When Republican-appointed judges put a constitutional “right” in scare quotes, its days might be numbered. So it’s worth watching a case that prompted that dramatic characterization, in a dispute involving protections for homeless people in the 9th U.S. Circuit Court of Appeals.
The dispute stemmed from a ruling last year by a divided three-judge panel on the San Francisco-based appeals court, with two Democratic appointees in the majority and a Republican appointee dissenting. The circuit covers several Western states, including California.
The panel upheld a trial court ruling that Grants Pass, Oregon, couldn’t enforce ordinances against homeless people for merely sleeping outside with rudimentary protection from the elements, or for sleeping in their car at night, when there’s nowhere else in the city to go.
Citing a 9th Circuit precedent from 2018, Martin v. City of Boise, the panel’s majority said it’s unconstitutional, under the Eighth Amendment, to punish “sleeping somewhere in public if one has nowhere else to do so.” The amendment bars cruel and unusual punishment.
Dissenting from that ruling, a Donald Trump-appointed judge, Daniel Collins, said both the Martin decision and the Grants Pass decision should be overturned “at the earliest opportunity, either by this court sitting en banc or by the U.S. Supreme Court.”
“En banc” refers to the full circuit reconsidering a panel ruling. But this week, there weren’t enough 9th Circuit judges in agreement to do so. Yet, that hardly means the panel’s decision protecting homeless people will stand for all time.
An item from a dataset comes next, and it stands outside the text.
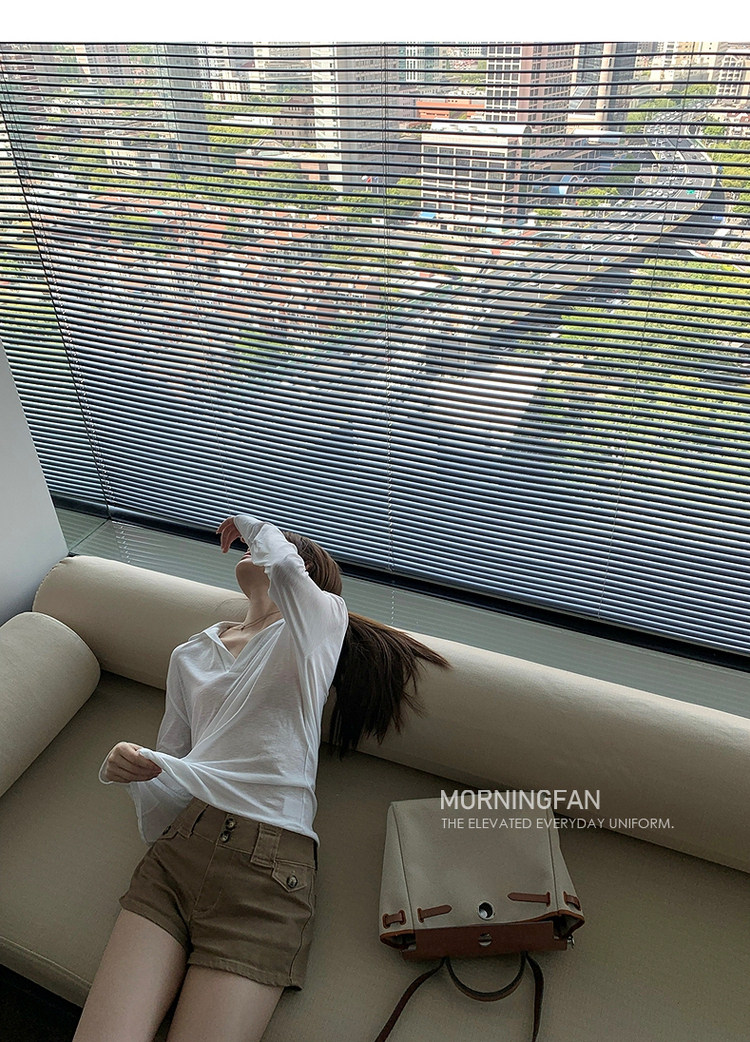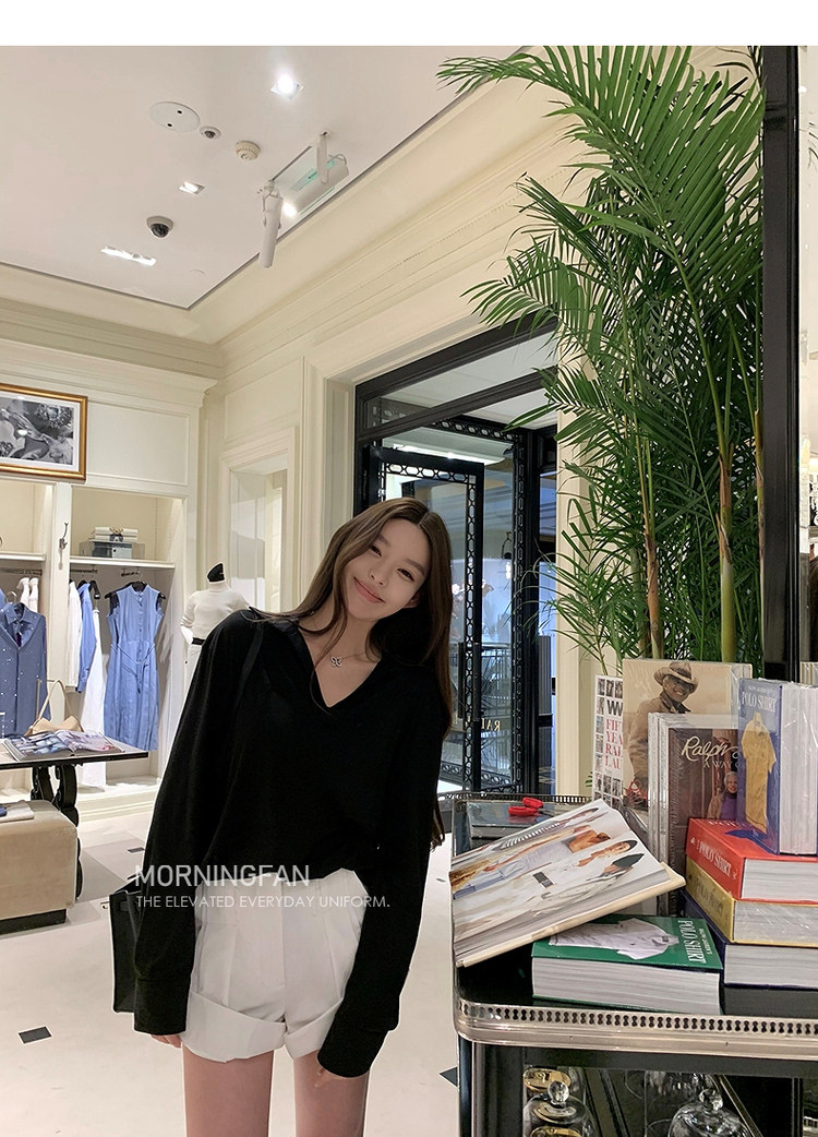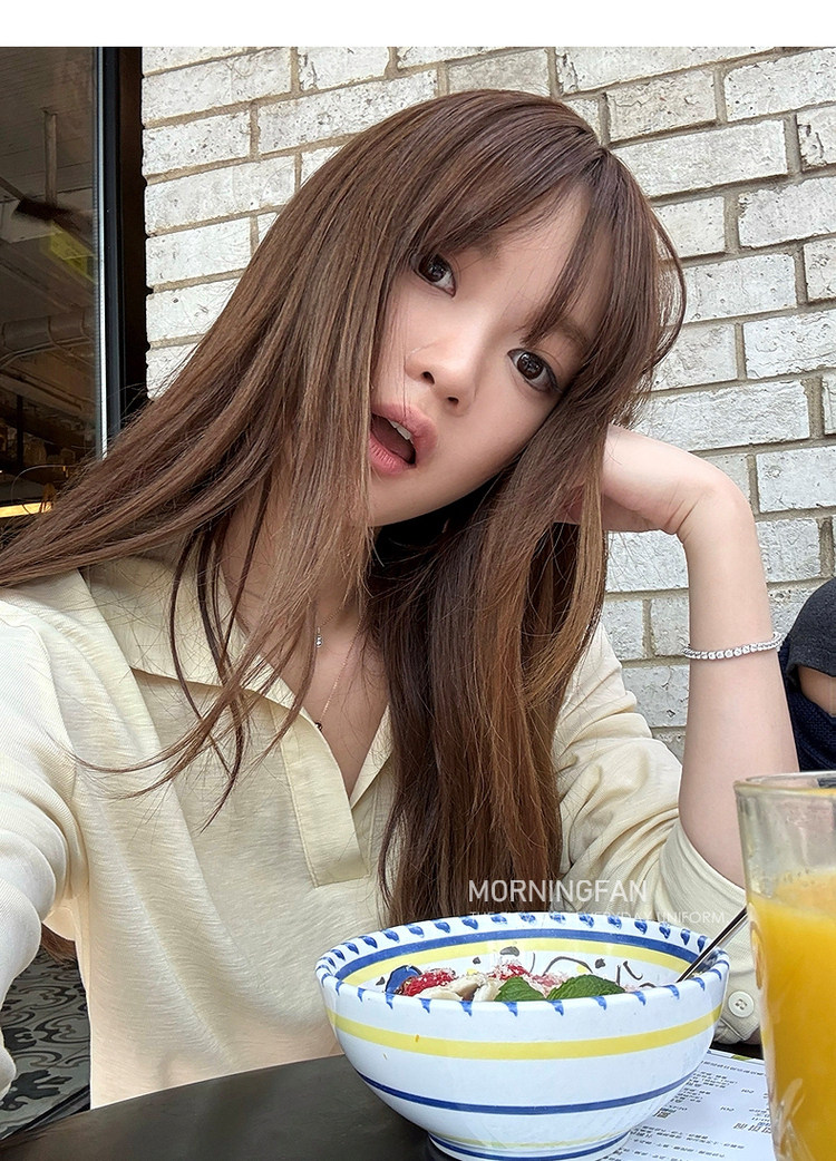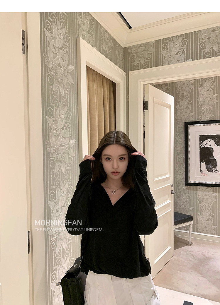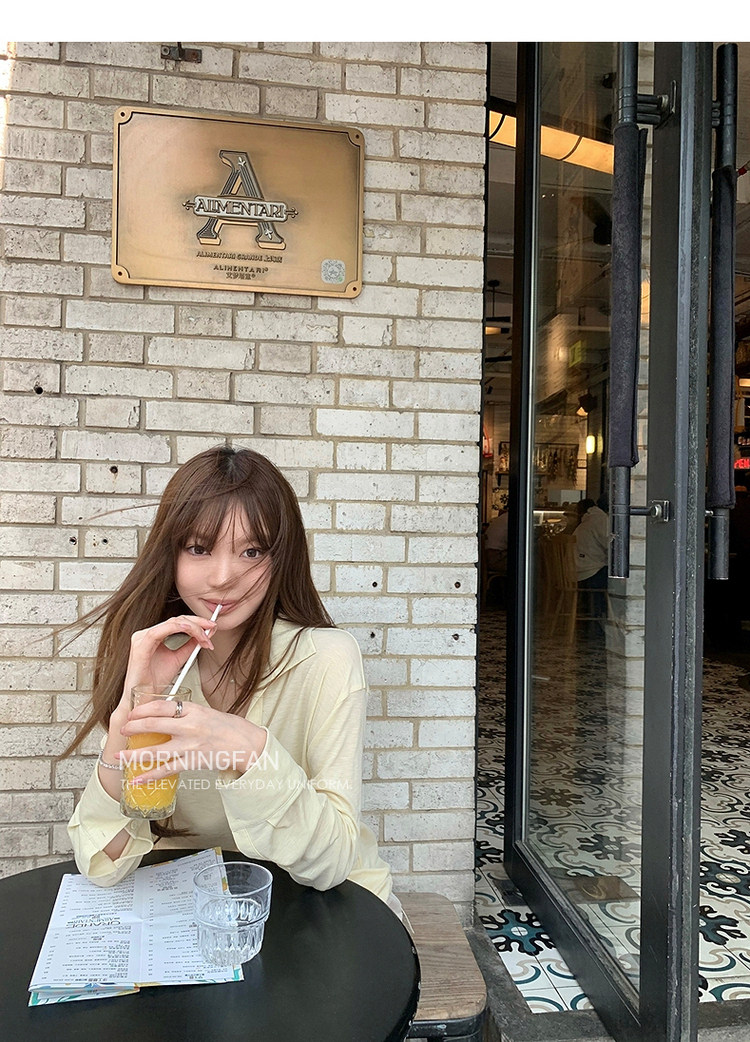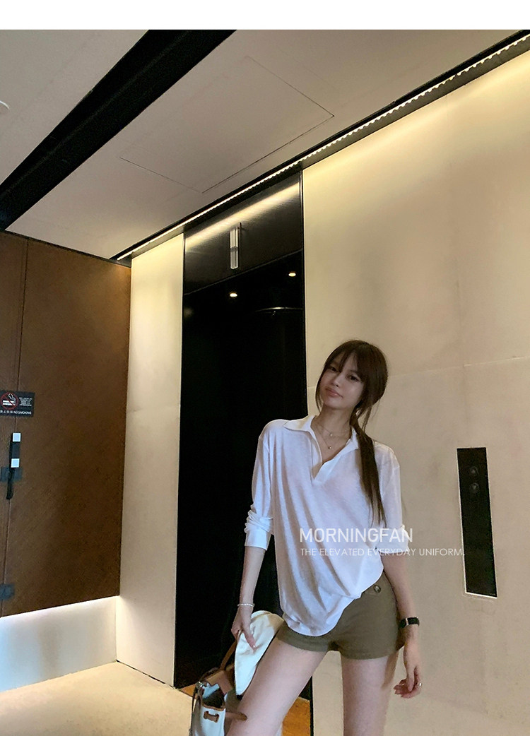 polo领自带V字弧度 能够很好地修饰脸型很显瘦

Indeed, several GOP-appointed judges in addition to Collins lashed out, all but begging their conservative brethren on the Supreme Court to take up the issue.
Their complaints surfaced in multiple writings Wednesday, when the full circuit denied rehearing.
One such statement lamented that “our Circuit’s jurisprudence now effectively guarantees a personal federal constitutional ‘right’ for individuals to camp or to sleep on sidewalks and in parks, playgrounds, and other public places in defiance of traditional health, safety, and welfare laws — a dubious holding premised on a fanciful interpretation of the Eighth Amendment.” The two Democratic appointees from the panel majority, in a statement of their own, countered that the notion of such a right “is completely absent from the opinion” and that the “denial of en banc rehearing should not be criticized based on rhetorical exaggerations.”
Nonetheless, the critical statement went on to claim that the 9th Circuit is “the first and only federal circuit to have divined such a strange and sweeping mandate from the Cruel and Unusual Punishments Clause.” The GOP appointees concluded, “We should have reheard this case en banc to reconsider our unfortunate constitutional mistake.”
It’s a “mistake” that the Supreme Court may be more than happy to “correct.” That’s especially so when it comes to a ruling under the Eighth Amendment, which the Republican-appointed justices have interpreted much more stingily than the court’s Democratic appointees, as death penalty cases and other punishment disputes have shown.
So, don’t be surprised to see this one get to the justices sooner rather than later.